◆ Goal of the exercise:
Using only the entries below, copy exactly the lines that begin at the one with "وَأُكِّدَ هَذَا التَّعَجُّبُ" and end at the one with "Das Unternehmen Brose", both included. Drop the pictures.
*** Opening Provided records ***
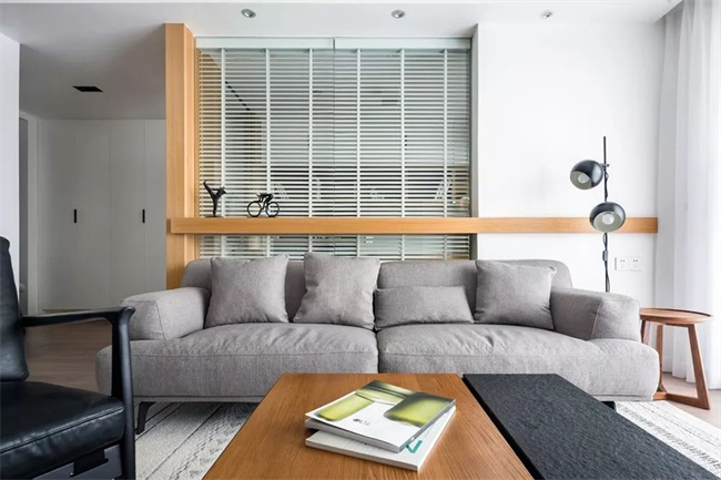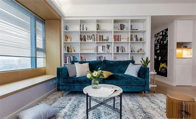將沙發(fā)往前移一下,留出柜子的空間,不管是作為書(shū)架藏書(shū)使用,還是作為展示柜使用,都非常合適。
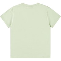 Lichtgroen t-shirt van zacht biologisch katoen met ribboord rond de hals. Het t-shirt heeft een ruimvallende pasvorm met op de voorkant een print van kleurrijke surfplanken op een prachtige zandstrand.
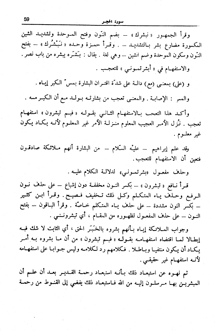 وَأُكِّدَ هَذَا التَّعَجُّبُ بِالِاسْتِفْهَامِ الثَّانِي بِقَوْلِهِ: فَبِمَ تُبَشِّرُونَ اسْتِفْهَامُ تَعَجُّبٍ. نَزَلَ الْأَمْرُ الْعَجِيبُ الْمَعْلُومُ مَنْزِلَةَ الْأَمْرِ غَيْرِ الْمَعْلُومِ لِأَنَّهُ يَكَادُ يَكُونُ غَيْرَ مَعْلُومٍ.
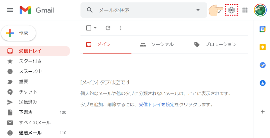 この画面が表示されたら、「この画面を消さないで」現在操作しているGmailの受信トレイを確認してください。
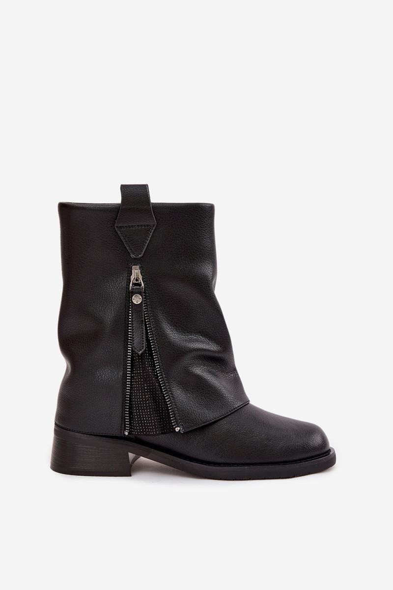 Zwarte leren damesankle boots met ingenaaide enkel en platform Tai turiciejka K7213-01
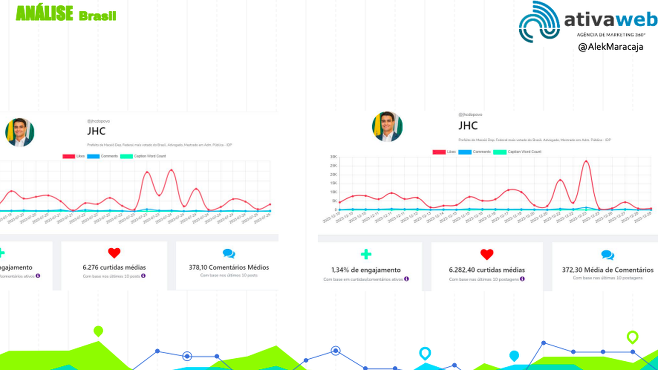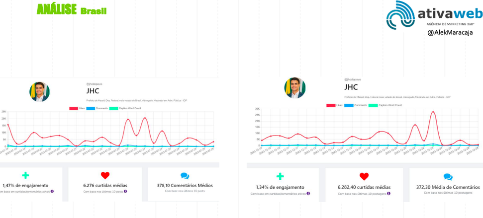 João Henrique Caldas (JHC) - Maceió (AL) Engajamento: Diminuiu de 1,47% para 1,34%. Curtidas: Praticamente estável, ligeiro aumento de 6,276 para 6,282.40 médio. Comentários: Pequena diminuição de 378,10 para 372,30 médio. Novos Seguidores: 44.922. Total de Seguidores: 497.706
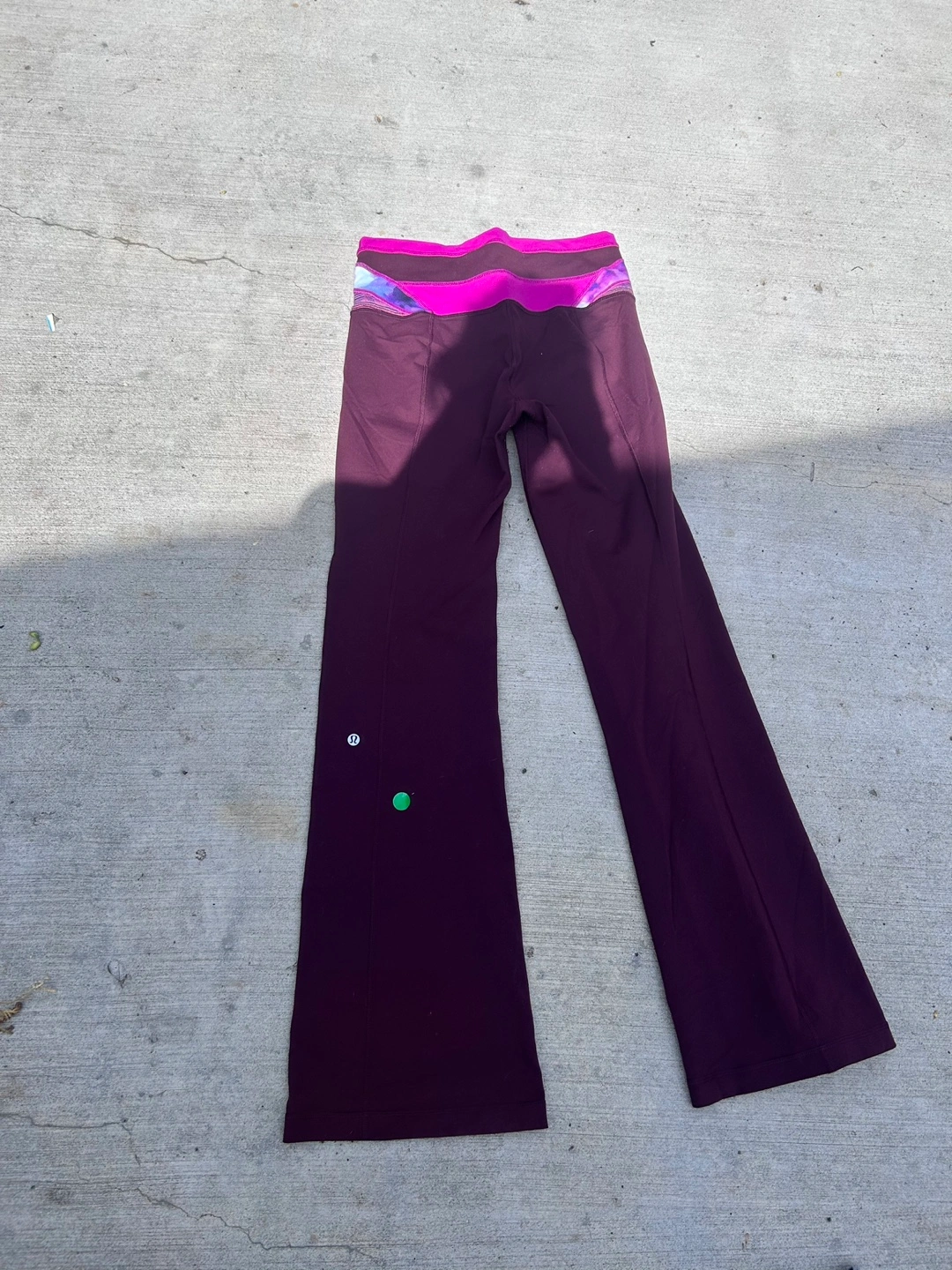 Selling a pair of Lululemon Leggings in burgundy, size 6. They're in great condition and super comfy for yoga or just lounging around. The waistband has a fun pattern too!
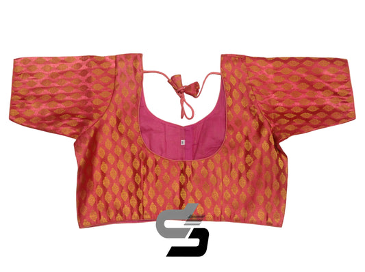 Peach Pink Color Plus Size Brocade Silk Readymade Saree Blouses, Indian Plus Size Blouse
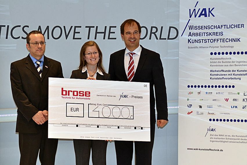 Das Unternehmen Brose mit Sitz in Coburg vergibt jährlich den mit 4.000,00 Euro dotierten Preis für neue Verfahren und Techniken bei der Verarbeitung von Kunststoffen.
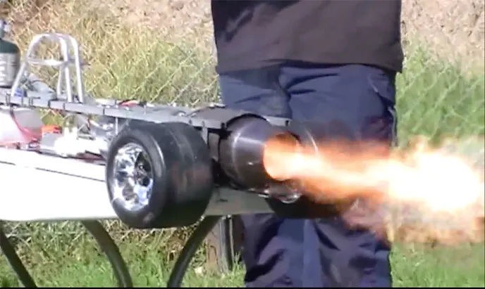 scalejetAs you can see in the videos, the car, like a real jet car, is pretty sluggish out of the gate but eventually picks up some steam and gets to rolling. As Smith points out, his driving skills weren’t quite up to par during the testing with the first one-fifth scale car, and with a twitchy steering mechanism, he wasn’t confident letting it rip. That said, the car was suggested to be capable of 60-70 mile per hour speeds on a one-fifth scale quarter-mile, which equates to 264 feet. Of course, it would likely haul some serious ass over a real quarter-mile, but such a feat would be quite difficult if not impossible to pull off, given the very nature of radio control and the lack of enough fuel onboard to run wide-open of that length of time.
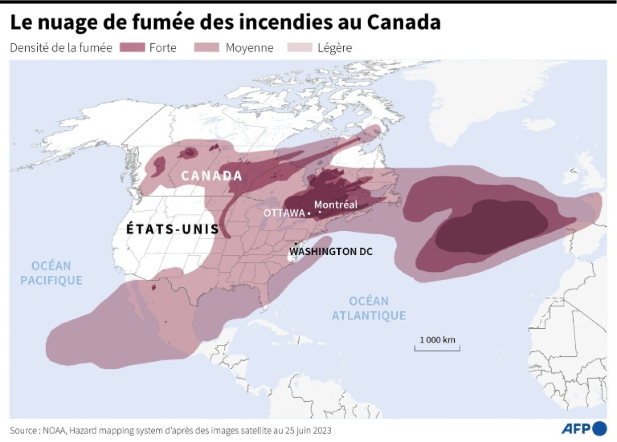 Dimanche, 81 feux de forêt étaient encore actifs au Québec, dont 27 considérés comme hors de contrôle. Une fumée âcre recouvrait Montréal, où des niveaux exceptionnels de pollution ont été atteints, entraînant l’annulation de plusieurs manifestations culturelles ou sportives.
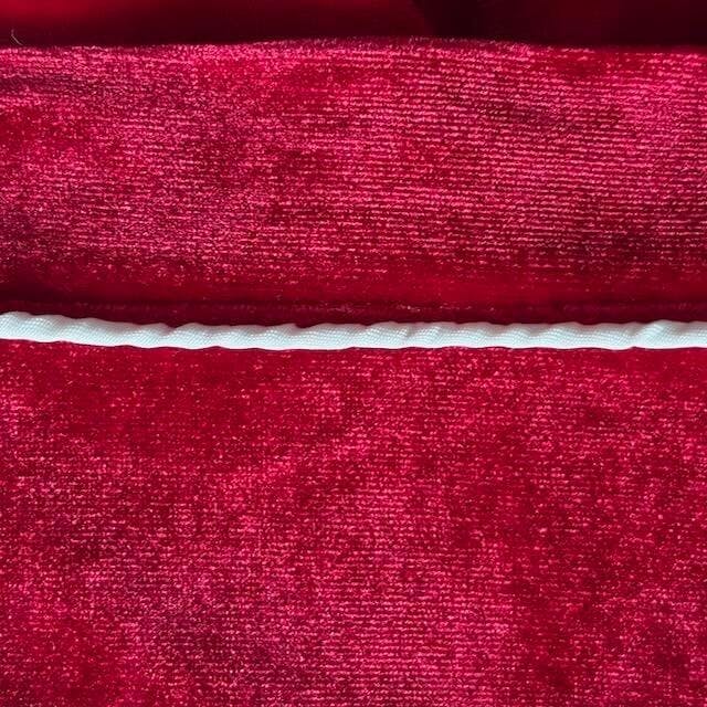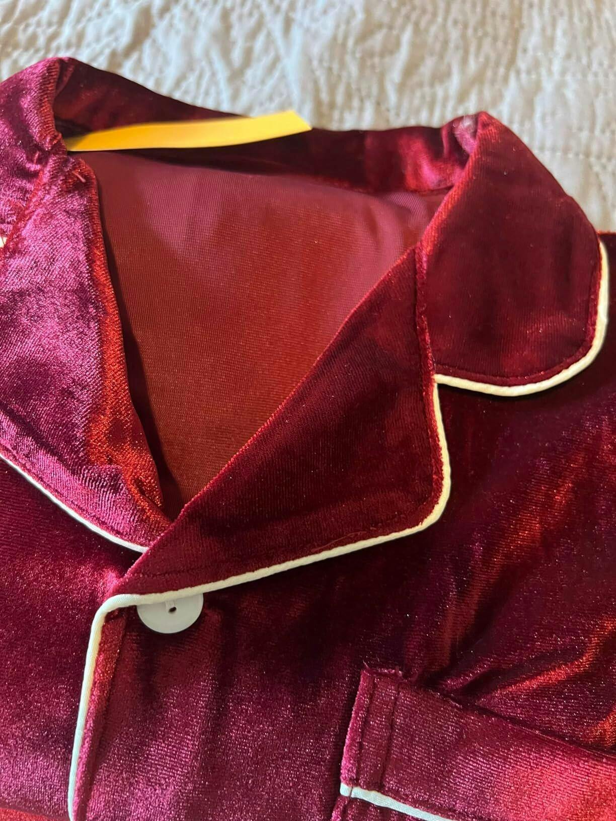 Celebrate the holidays together in style with this charming red velvet family pajama set.
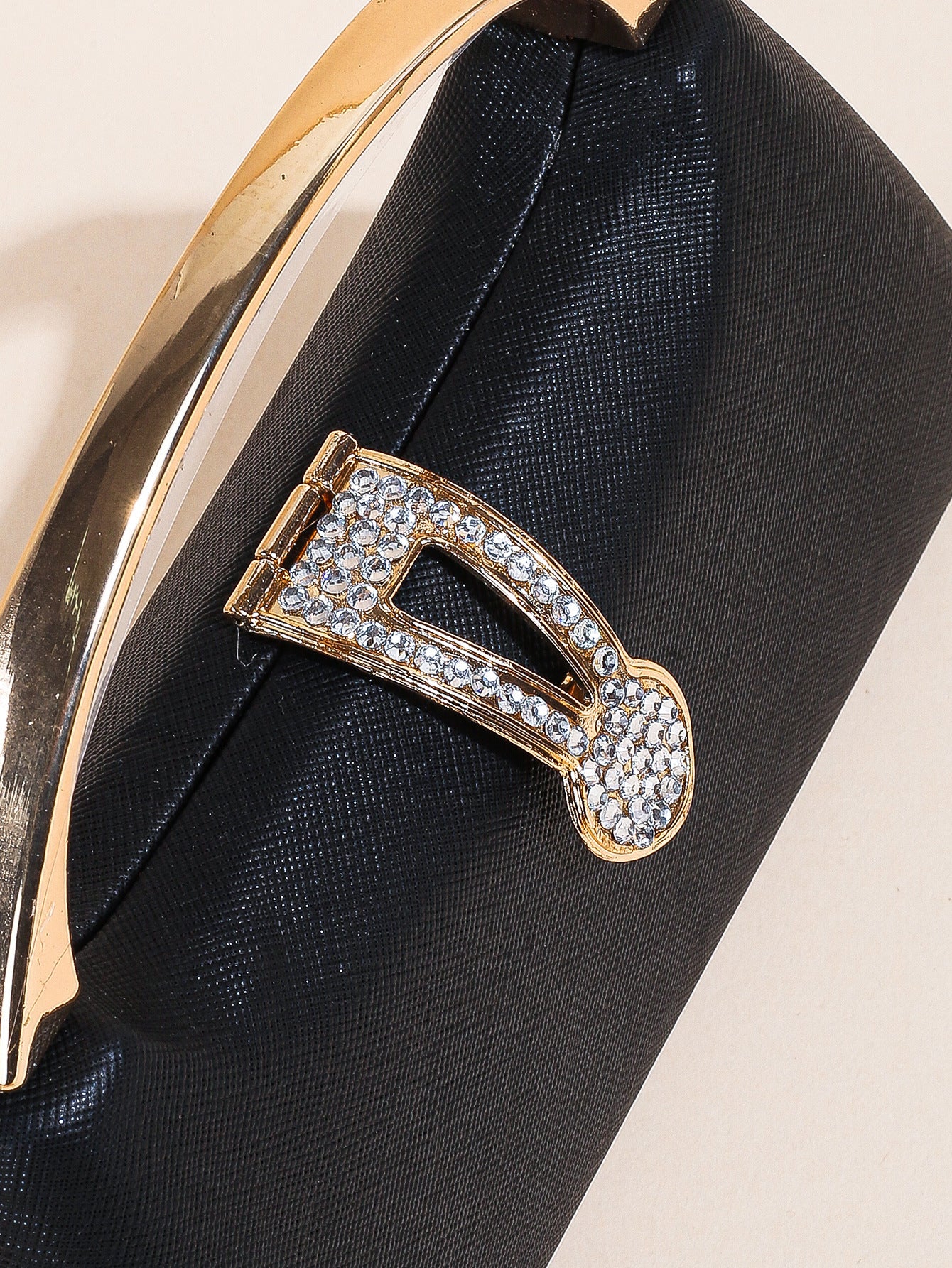 High-quality vegan leather with a crystal-embellished hardware clasp.
*** Closing Provided records ***
◆ Answer box:
 وَأُكِّدَ هَذَا التَّعَجُّبُ بِالِاسْتِفْهَامِ الثَّانِي بِقَوْلِهِ: فَبِمَ تُبَشِّرُونَ اسْتِفْهَامُ تَعَجُّبٍ. نَزَلَ الْأَمْرُ الْعَجِيبُ الْمَعْلُومُ مَنْزِلَةَ الْأَمْرِ غَيْرِ الْمَعْلُومِ لِأَنَّهُ يَكَادُ يَكُونُ غَيْرَ مَعْلُومٍ.
 この画面が表示されたら、「この画面を消さないで」現在操作しているGmailの受信トレイを確認してください。
 Zwarte leren damesankle boots met ingenaaide enkel en platform Tai turiciejka K7213-01
 João Henrique Caldas (JHC) - Maceió (AL) Engajamento: Diminuiu de 1,47% para 1,34%. Curtidas: Praticamente estável, ligeiro aumento de 6,276 para 6,282.40 médio. Comentários: Pequena diminuição de 378,10 para 372,30 médio. Novos Seguidores: 44.922. Total de Seguidores: 497.706
 Selling a pair of Lululemon Leggings in burgundy, size 6. They're in great condition and super comfy for yoga or just lounging around. The waistband has a fun pattern too!
 Peach Pink Color Plus Size Brocade Silk Readymade Saree Blouses, Indian Plus Size Blouse
 Das Unternehmen Brose mit Sitz in Coburg vergibt jährlich den mit 4.000,00 Euro dotierten Preis für neue Verfahren und Techniken bei der Verarbeitung von Kunststoffen.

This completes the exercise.